DAFTAR PUSTAKA .................................................................................................................. 16


BAB I

PENDAHULUAN

1.1 Latar Belakang

Pendidikan Anak Usia Dini (PAUD) memiliki fungsi utama mengembangkan semua aspek
perkembangan anak secara maksimal dan menyeluruh. Aspek perkembangan anak meliputi
perkembangan moral dan nilai nilai agama, sosial emosional, kognitif, bahasa, fisik–
motorik, kemandirian dan seni. Aspek–aspek perkembangan tersebut tidak berkembang
secara sendiri-sendiri, tetapi saling terintegrasi dan terjalin satu sama lain.

Perkembangan kognitif merupakan salah satu aspek yang penting untuk dikembangkan dari
berbagai aspek perkembangan di atas. Gunarsa (Rosmala Dewi, 2005: 11) mengemukakan
bahwa kognitif adalah fungsi mental yang meliputi persepsi, pikiran, simbol, penalaran,
dan pemecahan masalah. Kognitif adalah sebuah istilah yang digunakan untuk menjelaskan
semua proses psikologis yang berkaitan dengan bagaimana individu mempelajari,
memperhatikan, mengamati, membayangkan, memperkenalkan, memulai dan memikirkan
lingkungannya.

Perkembangan kognitif meliputi kemampuan berpikir anak dalam mengolah perolehan


belajar, menemukan berbagai alternatif pemecahan masalah, mengembangkan kemampuan
logika matematika dan pengetahuan tentang ruang dan waktu, serta mempunyai
kemampuan mengelompokkan dan mempersiapkan pengembangan kemampuan berfikir
teliti.

Perkembangan kognitif anak usia dini meliputi bagaimana anak mampu mencari tahu,
berpikir, dan mengeksplorasi sesuatu. Penting membentuk perkembangan kognitif anak
sejak ia lahir. Perkembangan kemampuan kognitif adalah bagaimana anak mampu mencari
tahu, berpikir, dan mengeksplorasi sesuatu.Perkembangan kognitif anak melibatkan proses
belajar yang progresif seperti perhatian, memori/ingatan, dan logika berpikir.

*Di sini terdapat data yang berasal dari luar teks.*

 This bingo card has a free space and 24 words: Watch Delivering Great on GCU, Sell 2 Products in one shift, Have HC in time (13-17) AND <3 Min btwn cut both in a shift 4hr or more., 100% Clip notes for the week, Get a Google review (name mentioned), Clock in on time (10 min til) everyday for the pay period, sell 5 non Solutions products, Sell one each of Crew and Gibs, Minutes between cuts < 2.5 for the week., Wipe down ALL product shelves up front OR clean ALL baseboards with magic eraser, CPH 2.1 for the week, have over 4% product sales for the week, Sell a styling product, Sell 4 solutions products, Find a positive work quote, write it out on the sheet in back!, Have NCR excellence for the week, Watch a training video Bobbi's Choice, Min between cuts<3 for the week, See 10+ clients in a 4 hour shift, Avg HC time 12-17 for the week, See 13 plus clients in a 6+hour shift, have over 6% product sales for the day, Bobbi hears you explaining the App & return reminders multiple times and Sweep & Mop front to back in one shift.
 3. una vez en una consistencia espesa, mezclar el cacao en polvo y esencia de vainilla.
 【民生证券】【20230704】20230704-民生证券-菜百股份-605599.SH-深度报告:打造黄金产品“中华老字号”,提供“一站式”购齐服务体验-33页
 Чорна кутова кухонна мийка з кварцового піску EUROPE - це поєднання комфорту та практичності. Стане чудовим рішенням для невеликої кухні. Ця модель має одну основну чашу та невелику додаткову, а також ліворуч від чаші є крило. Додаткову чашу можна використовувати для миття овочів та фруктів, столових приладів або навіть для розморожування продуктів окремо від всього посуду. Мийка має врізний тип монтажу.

Perkembangan keterampilan tersebut penting agar anak bisa memproses informasi, belajar
mengevaluasi, menganalisis, mengingat, membandingkan dan memahami hubungan sebab
akibat.Perkembangan kognitif mengacu pada tahapan kemampuan seorang anak dalam
memperoleh makna dan pengetahuan dari pengalaman serta informasi yang ia dapatkan.
Perkembangan kognitif meliputi proses mengingat, pemecahan masalah, dan juga
pengambilan keputusan

1.2 Rumusan Masalah

1. Bagaimana perkembangan kognitif menurut Ausbel?

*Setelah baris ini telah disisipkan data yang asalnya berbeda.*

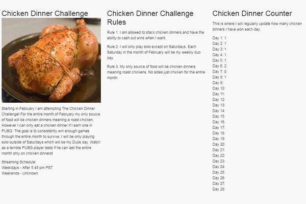 최근 유명 콘텐츠 크리에이터 앤드류 팬톤(Andrew Panton)은 트위치를 통해 2월 한달 동안 ‘치킨 디너 챌린지’를 진행한다고 밝혔다. 팬톤은 비디오게임 전문 커뮤니티 어치브먼트헌터(AchievementHunter) 창작팀 소속이다. 어치브먼트헌터는 유튜브에서 ‘어치브먼트헌터’, ‘렛츠플레이’ 등의 유튜브 채널을 운영하고 있으며, 이 채널들의 구독자수 총합은 500만명, 조회수 총합은 20억뷰에 달한다.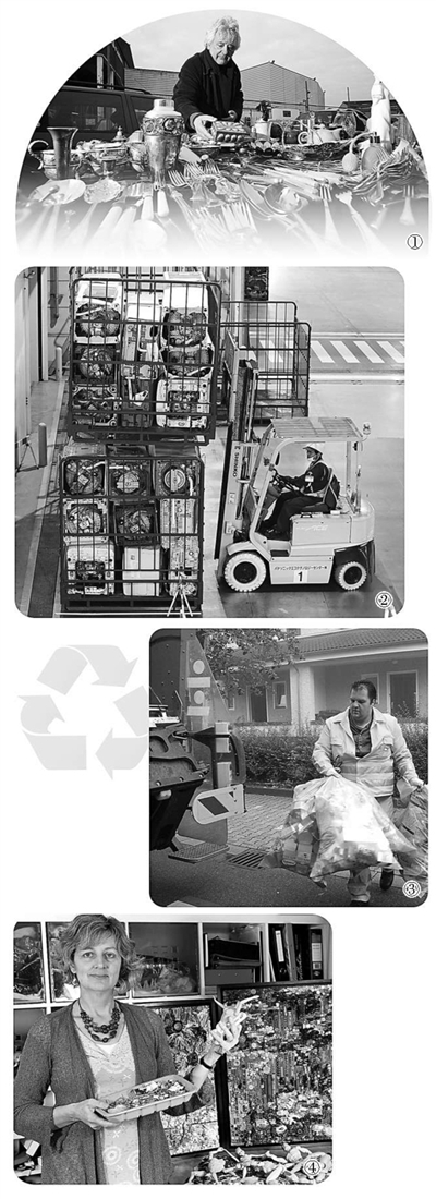 图③:德国DSD公司定期收集居民区黄色垃圾桶(袋)内带有“绿点”标志的垃圾。
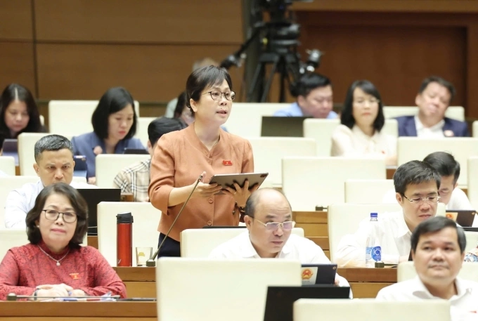Bà Nguyễn Vân Chi,Phó chủ nhiệm Ủy ban Kinh tế và Tài chính,tranh luận tại phiên thảo luận ngày 12/5. Ảnh: Giang Huy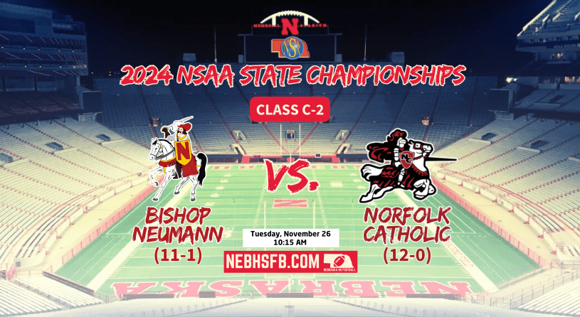 Bishop Neumann takes the nearly 30-mile trek down Highway 77 from Wahoo as it seeks to win its first state championship on the gridiron since 2003. Neumann has won 11 straight games since falling in Week 1 to Norfolk Catholic, 28-21.
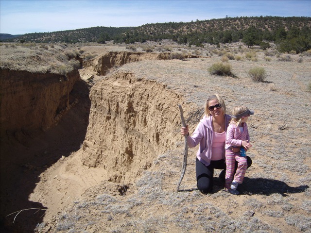 Trying to beat the sun-set, we blazed around the monument area looking for a non-RV, way off the beaten path type of camping spot. We took a long 4WD trail through sand and cow pastures to this spot. Morgan the ever-territorial dog chased off all but the bull that approached our camp site…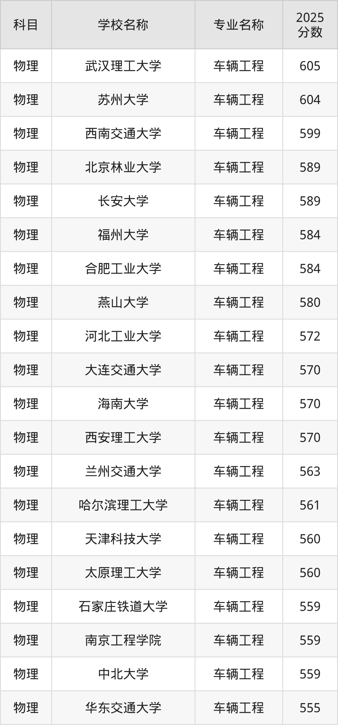 通过上文大家可以知晓,在吉林省内招车辆工程专业的院校数量较少,所以下文将为2026届高考生继续展示:省外大学的车辆工程专业2025年在吉林高考的录取情况,包含武汉理工大学、苏州大学、西南交通大学、北京林业大学、长安大学。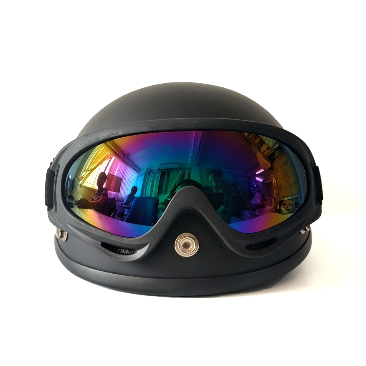 - Phong cách thiết kế: mũ kiểu 3/4 kèm kính dài, mũ được thiết kế dáng tròn, đi kèm 2 miếng ốp má, giúp tăng thêm hiệu quả bao phủ, bảo vệ khuôn mặt. -
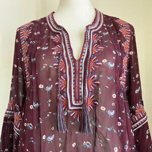 Gorgeous designer silk dress featuring long sleeves, elastic smocked waist, tassel accents, embroidery stitching detail, pleated and lined ruffle skirt. Lining is polyester. Retailed for $595 and a celeb favorite worn by Camila McConaughey and Mila Kunis ( see pics).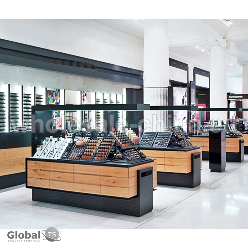 Stylish and practical in use cosmetic showcase. It contains 4 spacious shelves which are divided into several parts for better displaying of different kinds of cosmetic products. Classical combination of colors gives an ideal interior design of any brand cosmetic shops. We provide all necessary design items for its decoration: appropriate size, color, logo or lightning. Only high quality products are used in its production. Warranty – 3 years.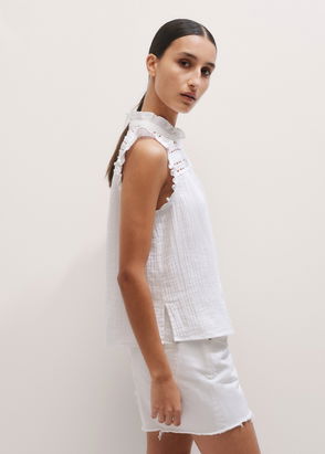 Cheesecloth Lace Detail Top Soft White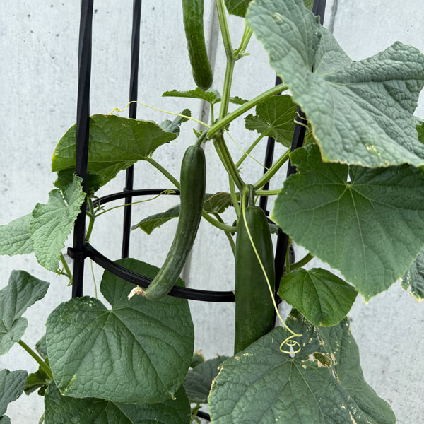 肉厚で歯切れの良い、おいしいキュウリ!節なりタイプなので、摘心不要で育てやすい。節間が短く、ゆっくり伸張するタイプなので、ネット要らずでオベリスクプランター仕立てでも栽培可能なサントリーフラワーズの節なりプランターキュウリです。地植えでも栽培可能です。うどんこ病、褐斑病、べと病に強く、丈夫で収穫期間が長い品種です。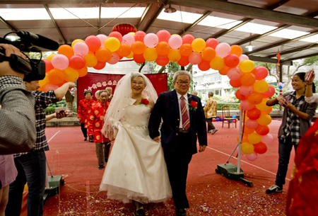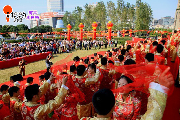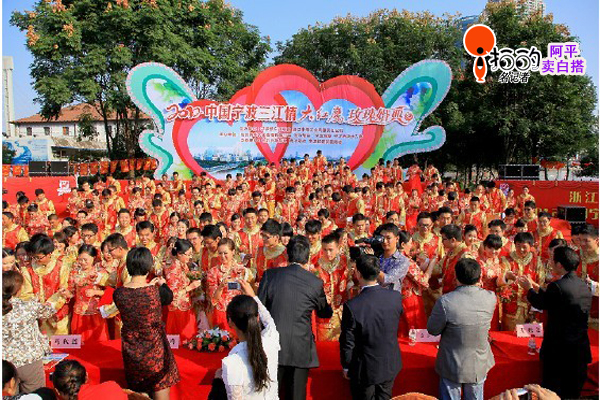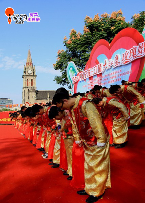 中國寧波網(wǎng)“i拍”記者阿平賣白搭:愛在寧波、情到永遠(yuǎn)。2012中國寧波三江情大紅鷹玫瑰婚典10月20日在寧波老外灘隆重上演。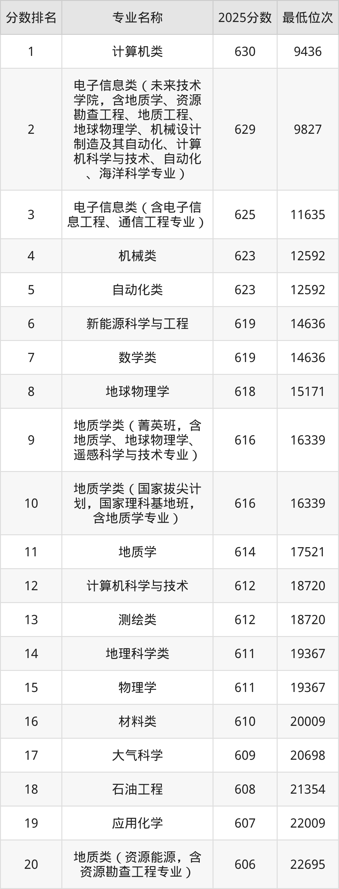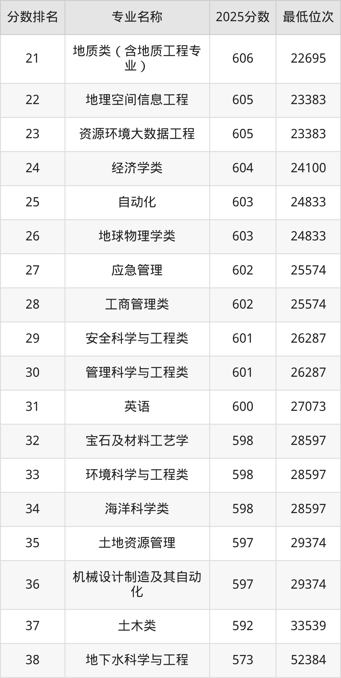 三、中国地质大学(武汉)各专业录取分数线及位次

2. Bagaimana perkembangan kognitif menurut Brunner?

1.3 Manfaat Penulisan

1. Memahami teori perkembangan kognitif menurut Ausbel


2. Memahami teori perkembangan kognitif menurut Brunner
BAB II

PEMBAHASAN

2.1 Teori Perkembangan Kognitif Menurut Asurable

David Ausubel adalah seorang ahli psikologi pendidikan. Ausebel memberi penekanan pada
belajar bermakna. pembelajaran bermakna yang dimaksud bahwa bahan pelajaran yang
digunakan harus cocok dengan kemampuan siswa dan harus relevan dengan struktur kognitif
yang dimiliki siswa. Oleh karena itu, pelajaran harus dikaitkan dengan konsep-konsep yang
sudah dimiliki siswa, sehingga konsep-konsep baru tersebut benar-benar terserap oleh siswa.
Dengan demikian faktor intelektual, emosional sosial tersebut terlibat dalam kegiatan
pembelajaran.
David Asurable membedakan antara belajar menemukan dengan belajar menerima. pada
belajar menemukan, konsep dicari/ditemukan oleh siswa. Sedangkan pada belajar menerima
siswa hanya menerima konsep atau materi dari guru, dengan demikian siswa tinggal
menghafalkannya.
David Asurable menentang pendapat yang menyatakan bahwa metode penemuan dianggap
sebagai suatu metode mengajar yang baik karena bermakna, dan sebaliknya metode ceramah
adalah metode yang kurang baik karena merupakan belajar menerima. Menurutnya baik
metode penemuan maupun metode ceramah bisa menjadi belajar menerima atau belajar
bermakna, tergantung dari situasinya.
Menurut David ausubel dalam Sutomo (2015) , ada dua jenis belajar yaitu:
1. Belajar Bermakna

Belajar Bermakna (Meaningfull Learning), belajar dikatakan bermakna bila informasi yang
akan dipelajari peserta didik disusun sesuai dengan struktur kognitif yang dimiliki peserta
didik itu sehingga peserta didik itu dapat mengaitkan informasi barunya dengan struktur
kognitif yang dimilikinya. Ada tiga kebaikan dari belajar bermakna, Yaitu:

1) Informasi yang dipelajari secara bermakna lebih lama dapat diingat,


2) Informasi yang tersubsumsi (adanya konsep baru) berakibatkan peningkatan
deferensiasi dari subsume subsume, jadi memudahkan proses belajar berikutnya untuk materi
belajar yang mirip,
3) Informasi yang dilupakan sesudah subsumsi akan mempermudah belajar hal-hal yang
mirip walaupun telah terjadi lupa.

Prasyarat belajar bermakna sebagai berikut:

1) materi yang akan dipelajari harus bermakna secara potensial,


2) siswa yang akan belajar harus bertujuan melaksanakan belajar bermakna, tujuan siswa
merupakan factor utama dalam belajar bermakna.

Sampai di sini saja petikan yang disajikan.